ABSTRACT

Whole rock subsurface samples from the Cherry Canyon Formation, Delaware Basin, were used to document the presence of a contaminant gas affecting the isotopic composition of acidified carbonate. The whole rock material, when reacted in purified phosphoric acid using the McCrea (1950) method, produces a contaminant mass-46 gas (nitrogen dioxide, NO₂). This mass-46 gas contributes to the ¹⁸O/¹⁶O ratio (mass 46/44), artificially enriching the ¹⁸O value and masking the true isotope signature of the CO₂ derived from the carbonate minerals. Acidified whole rock samples containing low carbonate (< 5%) tend to yield more positive ¹⁸O (PDB) values, some greater than +30. Conversely, samples with higher carbonate (> 5%) have ¹⁸O values ranging from +5 to -8, hence diluting the effects of the contaminant gas on the mass 46/44 ratio. After purifying the CO₂ produced by the McCrea (1950) method with a reduction furnace, all of the ¹⁸O values fall in the range of 0 to - 12 regardless of carbonate content. Th ¹⁶C (PDB) values remain unchanged after reduction furnace purification, indicating no effect on mass 45/44 ratio.

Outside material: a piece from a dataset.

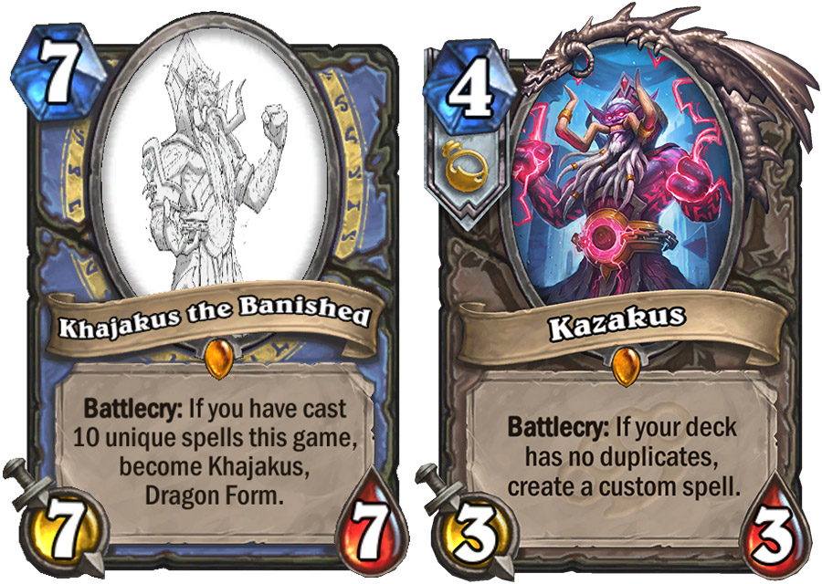 Kazakus all’inizio si chiamava Khajakus the Banished e la sua Dragon Form ricordava il potere di Executus. Tracce di questo design sono rimaste nella descrizione della carta e in alcuni artwork (Se hai lanciato 10 magie uniche in questa partita, diventa Khajakus Forma Draconica.)

The inferred source of the contaminant NO₂ gas is from inorganic ammonium adsorbed to interlayer sites of alumina silicates such as illite and mica. This source is supported by the detection of ammonium and clays in the whole rock material and the lack of correlation between percent organic carbon and ¹⁸O values influenced by NO₂. To eliminate the effect of the contaminant gas on ¹⁸O values, we describe a simple procedure that removes the contaminant NO₂ gas, yielding the true isotopic signal from the carbonate minerals in whole rock material.